Cronológicamente, el último gran hito de esta corriente «científica» lo marcan en 1994, hace apenas trece años, Charles Murray y Richard Herrnstein con su libro «The Bell Curve». En plena «contrarrevolución» de Ronald Reagan, ambos autores llegan a una conclusión similar, los negros presentan un CI entre 20 y 15 puntos inferior a la media (100 puntos), entre otras lindezas racistas. El estudio presenta un análisis estadístico de la sociedad estadounidense desde el punto de vista de su capacidad intelectual. El resultado es una campana de Gauss o curva de campana, de ahí el título del libro, conforme a la distribución normal de la población. Los negros aparecen en el pelotón de los torpes. La tesis recibió tantos palos en su día como hoy los propósitos de Watson. Ahora es apenas una trasnochada polémica «en blanco y negro».
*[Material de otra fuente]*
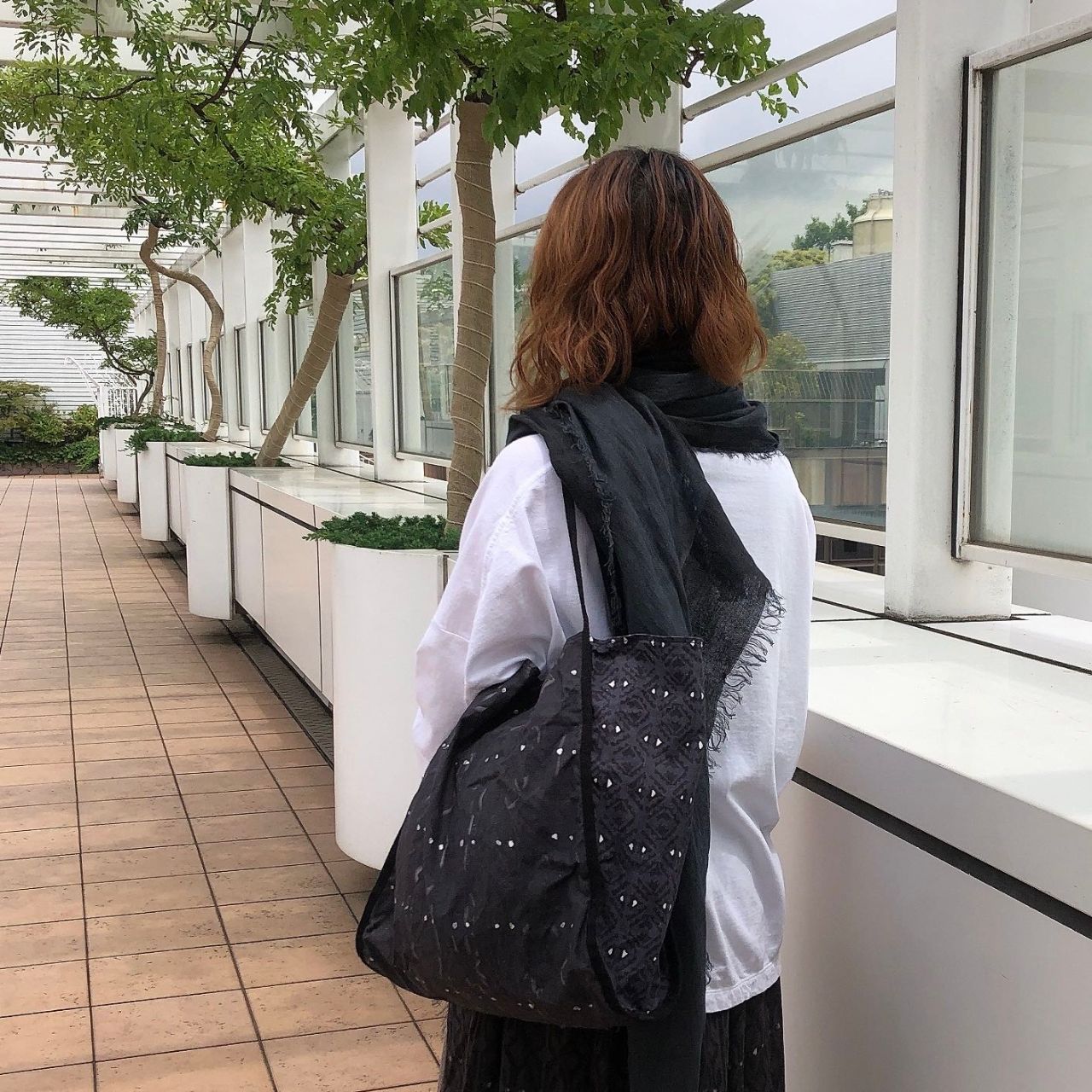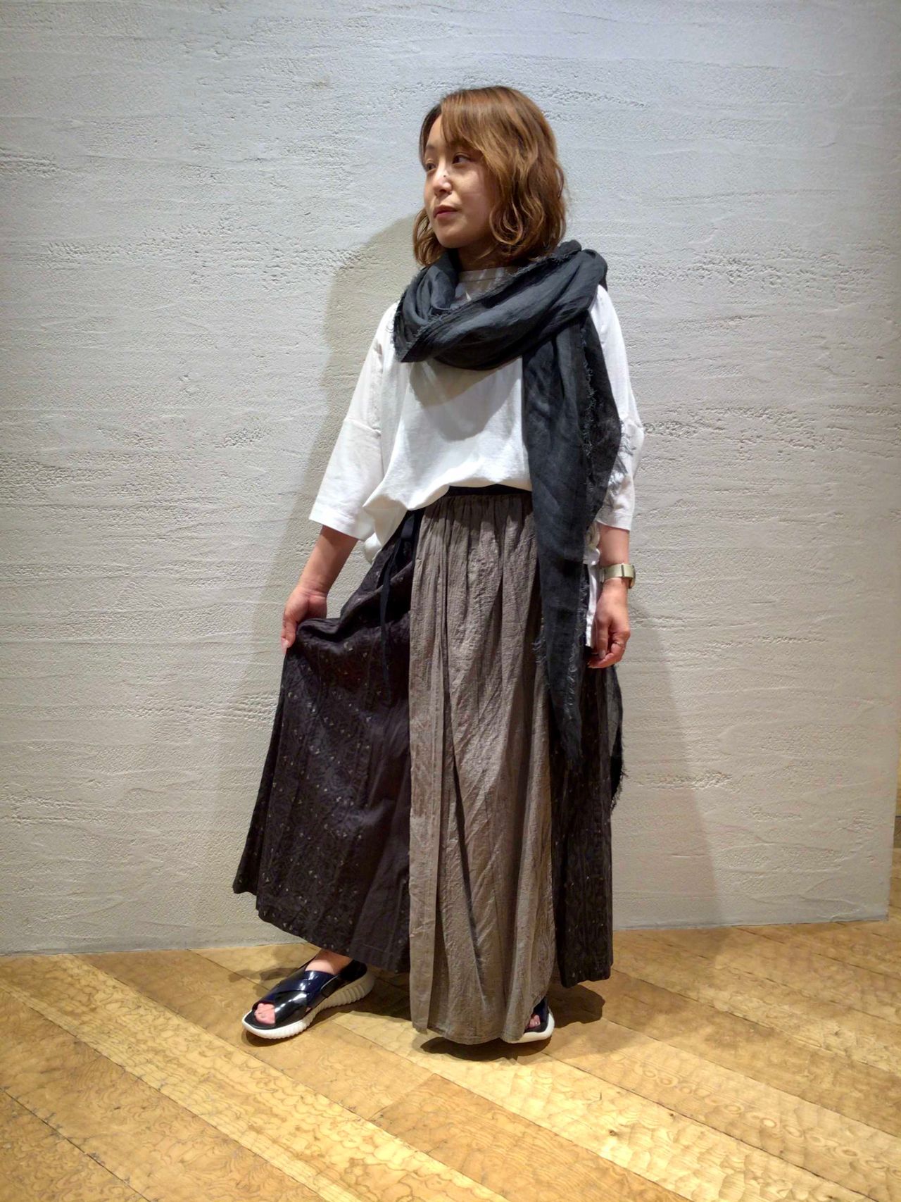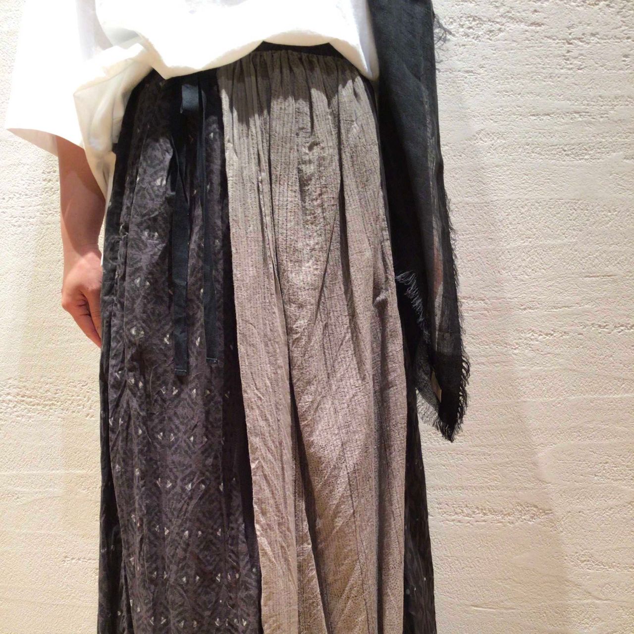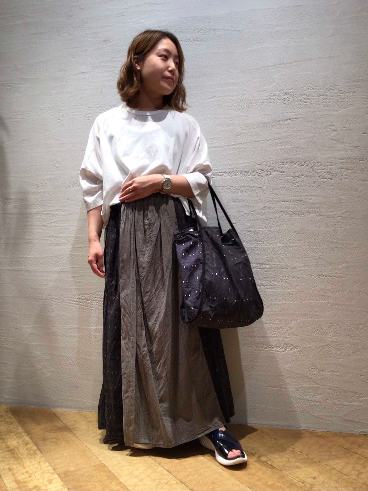センターの柄違いがアクセントになるスカートは、BAGとの柄合わせを主張しすぎずコーディネートをまとめてくれます。

En manos de un desaprensivo, la estadística, como la propia Ciencia, no son sino herramientas a las que uno puede hacer hablar con las palabras que quiera. La «estupidez científica» de esta tendencia del pensamiento norteamericano, simbolizada por «The Bell Curve», ha sido puesta de manifiesto desde dos ángulos distintos.
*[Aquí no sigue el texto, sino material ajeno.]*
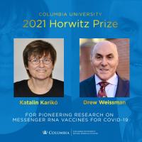 NEW YORK, NY (August 16, 2021)—Columbia will award the 2021 Louisa Gross Horwitz Prize to Katalin Karikó, PhD, and Drew Weissman, MD, PhD, for trailblazing work on messenger RNA (mRNA) vaccines for COVID-19. The prize will be presented at a ceremony on January 5, 2022.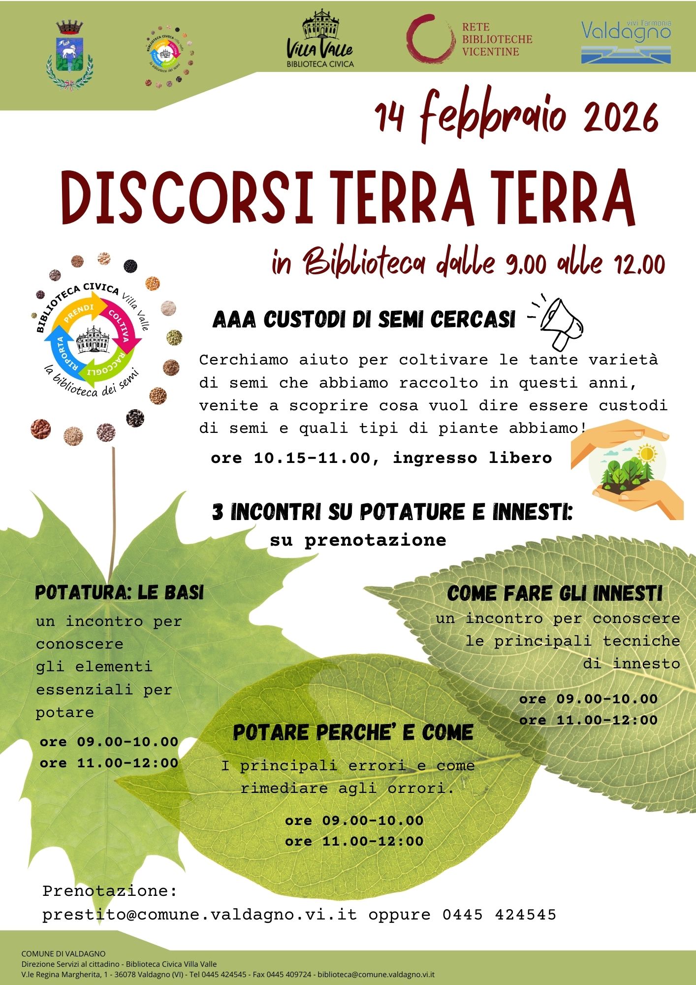 Per prenotare: prestito@comune.valdagno.vi.it oppure 0445 424545.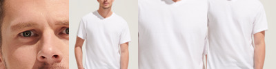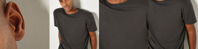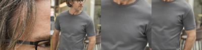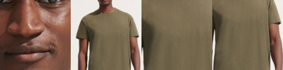 100% ringspun combed cotton. In transition to using organic cotton. Enzyme and silicone washed. Fitted style. Narrow ribbed collar with elastane. Side seams. Twin needle sleeves and hem. 60°C wash.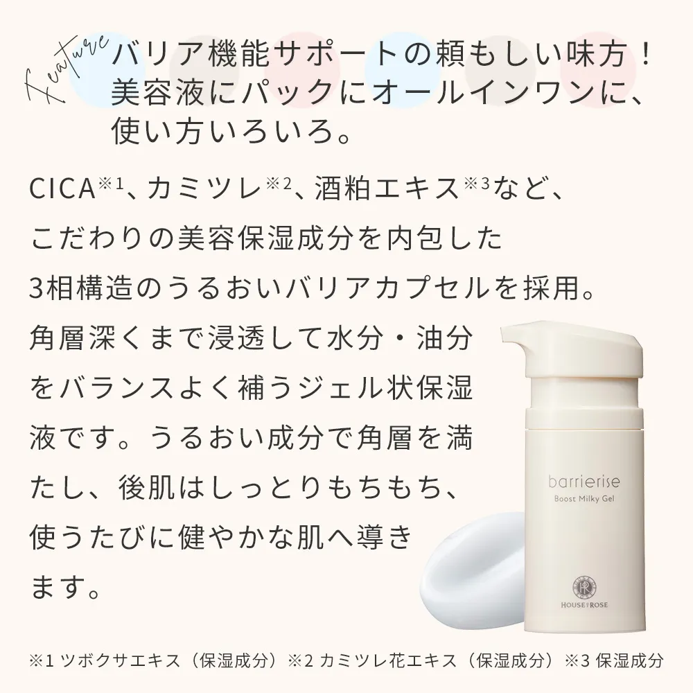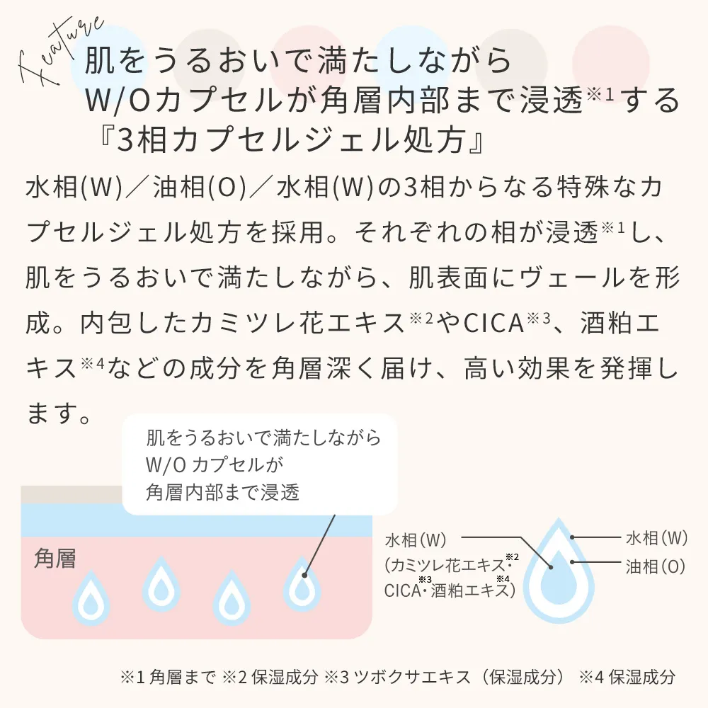 美容液として、パックとして、オールインワンとして、肌コンディションに合わせてマルチに使用できるジェル状保湿液です。 CICA(*3)、カミツレ花エキス(*4)、酒粕エキス(*4)などこだわりの美容成分を包み込んだ3相構造のうるおいバリアカプセルが角層深くまで浸透して、水分・油分をバランスよく補います。 みずみずしくべたつかないテクスチャーは、なめらかになじみ肌表面をつるつるに。8つの国産植物エキス(*5)配合で、外的環境(*6)からお肌を守り、しっとりとしたゆらぎにくいお肌へ導きます。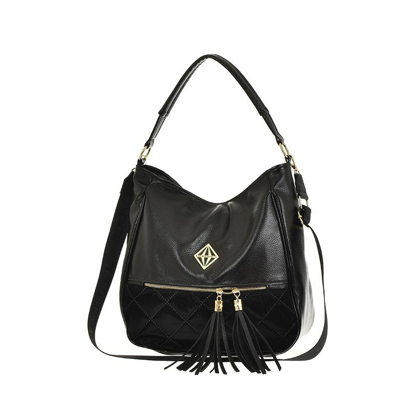 Nádherná kabelka má jedno ucho na rameno a dlouhý, odnímatelný a nastavitelný popruh přes rameno. Na zadní straně je kapsa na zip, na přední straně je ve spodní části další kapsa na zip. Kabelka má zapínání na zip. Uvnitř kabelky je černá podšívka, kapsa na zip a otevřená kapsa. Kovové komponenty mají zlatou barvu.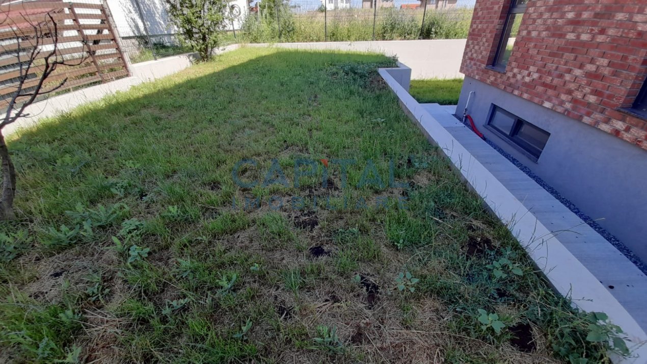 Curtea si gradina sunt amenajate cu trotuare, gazon, arbusti ornamentali, spatii de parcare pavate.

El alemán Georg Rieck, en su «Genética de la inteligencia» (1980), resalta que «la controversia alrededor del CI ya ha durado más que cualquier otra discusión en la historia de la psicología, y los aspectos de la disputa son siempre de índole ideológica». Para Rieck, la valoración del coeficiente intelectual, a secas, no es indicativa de la inteligencia, ya que ésta responde a un complejo conjunto de variables: «No es cierto que la inteligencia sea producto sólo del medioambiente, ni tampoco que sea exclusivamente producto de una combinación material de genes».

El italiano Luigi Luca Cavalli Sforza, uno de los padres del modelo de la gran diáspora humana, en la que hace casi 100.000 años unos pocos millares de Homo sapiens parten de África para poblar el mundo, sostiene que, fundamentalmente, la evolución humana y por consiguiente la herencia genética vienen determinadas por la respuesta del hombre a las exigencias que le rodean; son cuestión adaptativa y no cuestión de raza.

Éstas dos son las corrientes más seguidas hoy en día… Y la única conclusión incontestable es que todos descendemos del mismo mono.